* _TASK DETAILS_
Repeat the lines from the one containing "Op maandag 26" through the last line of the data, exactly, pictures omitted.

--- START ---

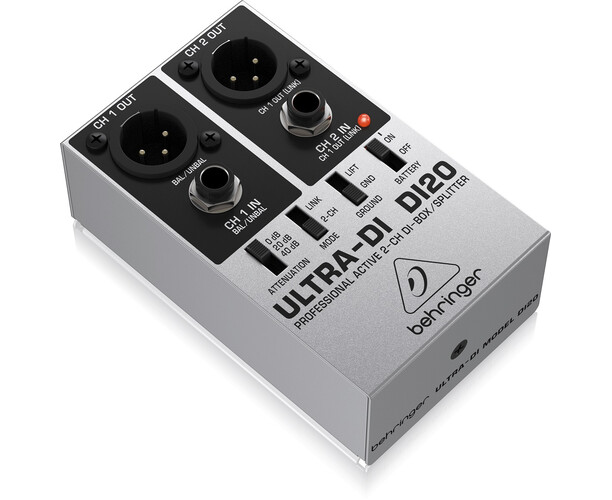 Behringer ULTRA-DI DI20 — активный двухканальный профессиональный директ-бокс / сплиттер, предназначенный для прямого подключения инструментов к микшерным пультам и усилителям, обеспечивая согласование импеданса и уровня сигнала. Директ-бокс преобразует два независимых несимметричных ¼″ TRS-входа в два сбалансированных XLR-выхода.
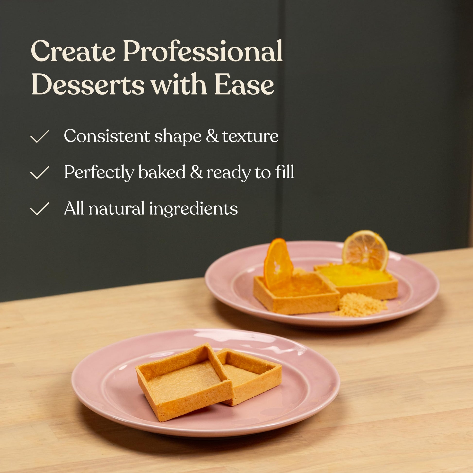 Q: What are Cambie Large Square Vanilla Tart Shells made of?A: Cambie Large Square Vanilla Tart Shells are crafted using high-quality ingredients to create a buttery sweet, crisp shell. They are coated with a thin layer of white chocolate couverture that helps prevent sogginess and maintains their shape.
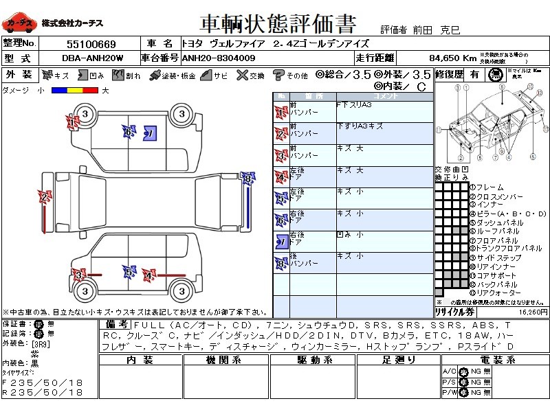 フル装備 / CD / 乗車定員(7人) / 集中ドアロック / エアバッグ / 助手席エアバッグ / サイドエアバッグ / ABS / トラクションコントロール / クルーズコントロール / カーナビゲーション(インダッシュ,HDD,2DIN) / 地デジTV / バックカメラ / ETC / アルミホイール(18インチ) / ハーフレザーシート / スマートキー / ディスチャージ / ウインカーミラー / ハイマウントストップランプ / パワースライドドア / パワーバックドア / フォグランプ / フロントスポイラー / サイドスポイラー / リアスポイラー / リアアンダースポイラー /
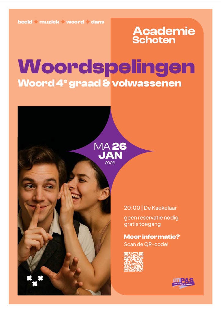 Op maandag 26 januari staan de leerlingen Woord 4e graad & volwassenen van onze academie in de Kaekelaar.
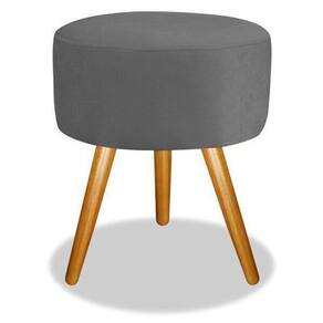Puff Puf Banqueta Magnus Redondo Cinza Pés Castanho

--- END ---

* _EXPECTED ANSWER_
 Op maandag 26 januari staan de leerlingen Woord 4e graad & volwassenen van onze academie in de Kaekelaar.
Puff Puf Banqueta Magnus Redondo Cinza Pés Castanho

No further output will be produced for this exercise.